I live on a small island and don’t have access to machine mud. 
before I go ahead and ship in bazookas etc I need to know if I can water down general purpose mud to use in the machines (level5 set probably). 
we can get cgc green lid multi purpose, cgc light and a variety of Honduran muds. 
any suggestions or help is appreciated.


----------



## gopherstateguy (Apr 8, 2012)

Any box or bucket mud will work fine with the machines. Use full weight all purpose or mud made for taping specifically when putting on tape.


----------



## Islandbuilder (6 mo ago)

That really helps me.

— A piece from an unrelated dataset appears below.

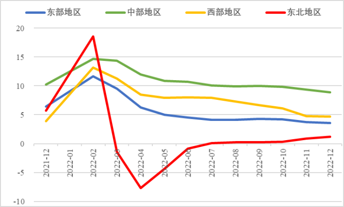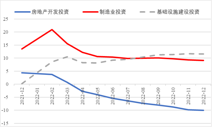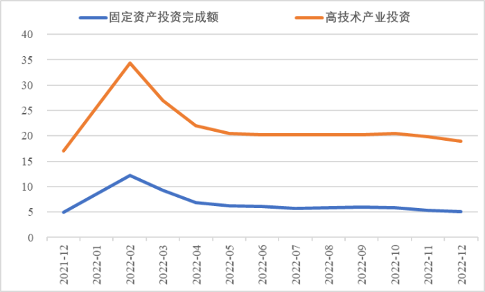 2022年,面對復雜嚴峻的國際環(huán)境和國內(nèi)疫情挑戰(zhàn),我國投資整體表現(xiàn)較強韌性,對穩(wěn)定經(jīng)濟基本盤發(fā)揮了壓艙石作用?;A設施和部分制造業(yè)成為穩(wěn)投資的重點領域,中西部地區(qū)投資增長動能強勁。同時,制造業(yè)承壓加劇、房地產(chǎn)投資下行、地方債高壓、社融需求走弱等突出問題制約投資持續(xù)穩(wěn)定增長,穩(wěn)投資壓力仍然較大。做好2023年投資促進工作,關鍵是把擴大有效投資同優(yōu)化供給結構有機結合起來,持續(xù)擴大高技術產(chǎn)業(yè)投資,多舉措穩(wěn)定房地產(chǎn)投資,更好發(fā)揮政府投資的引導作用,充分釋放社會投資需求潛能。 一、固定資產(chǎn)投資整體運行情況 (一)整體投資韌性超出預期,民間投資呈下行趨勢 2022年1—12月,我國固定資產(chǎn)投資(不含農(nóng)戶,下同)572138億元,同比增長5.1%。一季度投資增速達到9.3%的年內(nèi)高點,上半年、前三季度分別降至6.1%、5.9%,年初投資增速較高的重要原因是2022年專項債部分限額提前下達等系列政策發(fā)揮效果,之后受國外地緣政治沖突、國內(nèi)疫情多點散發(fā)等因素影響,投資增速有所下降,但降幅逐季收窄。一季度、上半年、前三季度、全年固定資產(chǎn)投資增速分別較同期國內(nèi)生產(chǎn)總值增速高了4.5個、3.6個、2.9個和2.1個百分點,投資成為當前穩(wěn)定宏觀經(jīng)濟大盤的關鍵力量。 圖1 全國固定資產(chǎn)投資增速 (累計同比,%) 數(shù)據(jù)來源:國家統(tǒng)計局 1—12月,我國固定資產(chǎn)投資三年平均增速為4.3%,低于2019年同期1.1個百分點,全面恢復到疫情前水平仍需一定時間。尤其是民間投資受疫情沖擊較為嚴重,復蘇難度較大。一季度、上半年、前三季度、全年民間投資分別同比增長8.4%、3.5%、2%、0.9%,低于整體投資增速0.9個、2.6個、3.9個、4.2個百分點,與整體投資增速的差距逐季拉大。從占比看,截至12月底民間投資累計占固定資產(chǎn)投資的比重已降至54.2%,低于2019年同期2.2個百分點。 圖2 民間投資增速及占比(%) 數(shù)據(jù)來源:國家統(tǒng)計局,Wind數(shù)據(jù)庫 (二)基礎設施、制造業(yè)投資支撐作用明顯,房地產(chǎn)市場持續(xù)低迷 制造業(yè)投資在外需帶動和政策支撐下展現(xiàn)較強韌性,2022年1—12月制造業(yè)投資同比增長9.1%,比整體投資高4個百分點。在內(nèi)需受疫情影響明顯收縮的情況下,制造業(yè)投資超預期增長很大程度上得益于外需對出口的拉動。我國全年貨物出口額累計同比增長10.5%,裝備制造、消費品制造等領域海外訂單持續(xù)旺盛,機電產(chǎn)品占進出口總額的49.1%,汽車出口大幅增長82.2%。技改投資繼續(xù)發(fā)揮對制造業(yè)投資的拉動作用。1—11月,制造業(yè)企業(yè)技改投資同比增長9.1%,占全部制造業(yè)投資的比重達40.9%。 基礎設施投資在增加政策性開發(fā)性金融工具額度、用好專項債等融資支持政策以及各地區(qū)各部門積極貫徹落實穩(wěn)增長系列政策推動下,連續(xù)8個月回升,1—12月同比增長9.4%,高于全部投資增速4.3個百分點。其中,水利管理業(yè)投資和公共設施管理業(yè)投資分別大幅增長13.6%、10.1%。 表1 1-12月我國各行業(yè)固定資產(chǎn)投資情況 2022年受需求走弱影響,房地產(chǎn)開發(fā)投資增速持續(xù)放緩,一季度僅同比增長0.7%,二季度開始滑落至負增長區(qū)間。1—12月我國房地產(chǎn)開發(fā)投資同比下降10%,降幅較前三季度、上半年分別擴大2個、4.6個百分點,跌幅持續(xù)加深,拖累固定資產(chǎn)投資整體增長。房企土地購置費、施工面積、新開工面積等指標均出現(xiàn)持續(xù)大幅下降。1—12月,房地產(chǎn)開發(fā)景氣指數(shù)均位于100以下,且自2月以來持續(xù)走低。 圖3 三大領域固定資產(chǎn)投資增速 (累計同比,%) 數(shù)據(jù)來源:國家統(tǒng)計局,Wind數(shù)據(jù)庫 高技術產(chǎn)業(yè)投資引領作用持續(xù)增強。在投資整體下行壓力加大的情況下,高技術產(chǎn)業(yè)投資逆勢而上,穩(wěn)投資引領作用持續(xù)顯現(xiàn)。2022年高技術產(chǎn)業(yè)投資同比增長18.9%,比全部投資增速高13.8個百分點。分類別看,高技術制造業(yè)投資同比增長22.2%,比制造業(yè)整體投資高了13.1個百分點,其中電子及通信設備制造業(yè)投資增長27.2%,醫(yī)療儀器設備及儀器儀表制造業(yè)投資增長27.6%,電子、醫(yī)藥制造業(yè)投資大幅增加;高技術服務業(yè)投資同比增長12.1%,其中科技成果轉化服務業(yè)投資增長26.4%,研發(fā)設計服務業(yè)投資增長19.8%,企業(yè)研發(fā)投入顯著加大。 圖4 高技術產(chǎn)業(yè)投資增速對比整體投資增速 (累計同比,%) 數(shù)據(jù)來源:國家統(tǒng)計局,Wind數(shù)據(jù)庫 (三)中西部地區(qū)投資增長動力較強,東北地區(qū)增速止跌回升 2022年1—12月,東部地區(qū)投資同比增長3.6%,較前三季度、上半年、一季度分別回落0.7個、0.9個、5.9個百分點;中部地區(qū)投資增長8.9%,較前三季度、上半年、一季度分別回落1.1個、1.8個、5.5個百分點;西部地區(qū)投資增長4.7%,較前三季度、上半年、一季度分別回落2個、3.3個、6.6個百分點;東北地區(qū)投資增長1.2%,較前三季度、上半年、一季度分別提升1個、2.1個、2.6個百分點??偟膩砜矗胁亢臀鞑康貐^(qū)投資保持較快增長,東部地區(qū)增速較低,東

Thanks.
Now to buy a set and start experimenting while trying to teach an alll Spanish crew


----------



## Mjaw (Nov 24, 2020)

Islandbuilder said:


> I live on a small island and don’t have access to machine mud.
> before I go ahead and ship in bazookas etc I need to know if I can water down general purpose mud to use in the machines (level5 set probably).
> we can get cgc green lid multi purpose, cgc light and a variety of Honduran muds.
> any suggestions or help is appreciated.

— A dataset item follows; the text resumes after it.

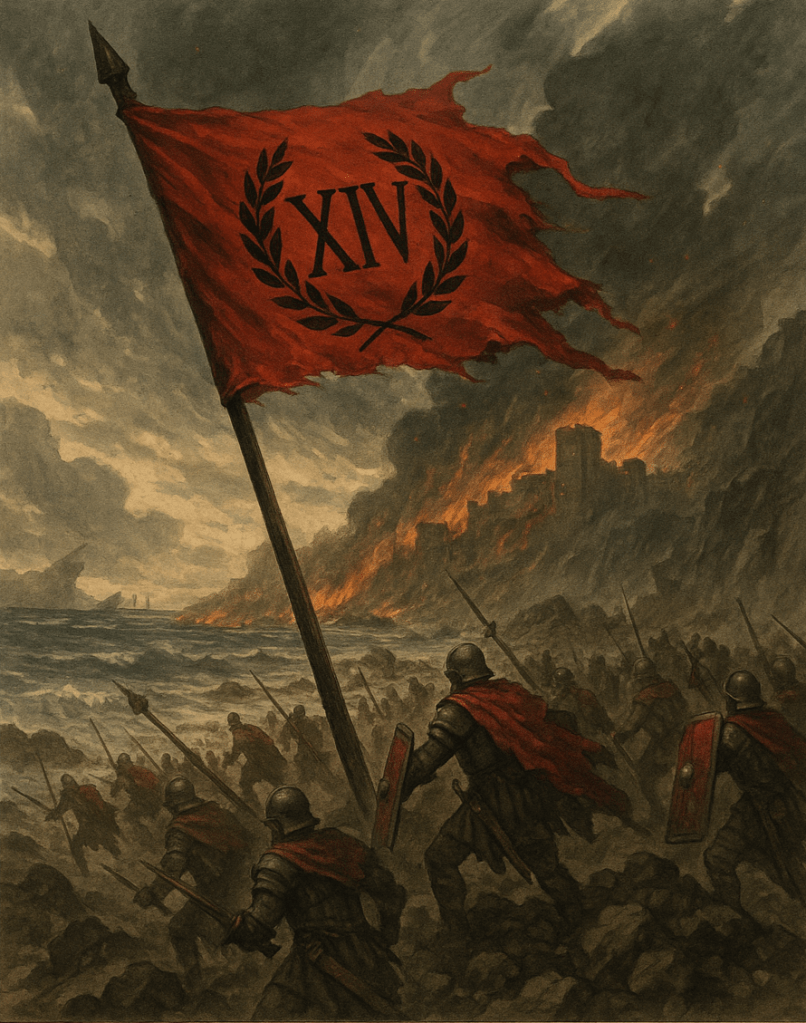 The XIV Legion moved on. Behind them, they left the symbol of new command: a black banner with a red stripe stained in ash.

Youll be fine with watered down all purpose on the Zook and light weight in the boxes


----------



## Mud_monkey (6 mo ago)

I always ran green lid (all purpose) in the tube and purple lid (midweight) compound in everything else. You can use any compound in them. If you are new to them columbia tools, drywall nation, tapetech drywall shorty and a few others have some great educational videos on them posted to youtube


----------



## Islandbuilder (6 mo ago)

Mud_monkey said:


> I always ran green lid (all purpose) in the tube and purple lid (midweight) compound in everything else. You can use any compound in them. If you are new to them columbia tools, drywall nation, tapetech drywall shorty and a few others have some great educational videos on them posted to youtube


The videos are really helpful considering I have only used pan and blades before. 
I am looking at a Level5 set. They seem to stand behind their product and have some nice sets that fit my budget. Any reason why I should consider another manufacturer?


----------



## Mud_monkey (6 mo ago)

I havnt had any issue with the newer level5. They work. In the past they had a lot of problemd but have gotten significantly better. That said they are a decent tool great to learn on and get started on a budget. At some point though once you are well established as a company you will want to upgrade.


----------



## Mjaw (Nov 24, 2020)

Mud_monkey said:


> I havnt had any issue with the newer level5. They work. In the past they had a lot of problemd but have gotten significantly better. That said they are a decent tool great to learn on and get started on a budget. At some point though once you are well established as a company you will want to upgrade.


Very little difference in brand of boxes, level5 👍stands behind product without question. My favorite box, i own 3 brands of boxes and have run most others.


----------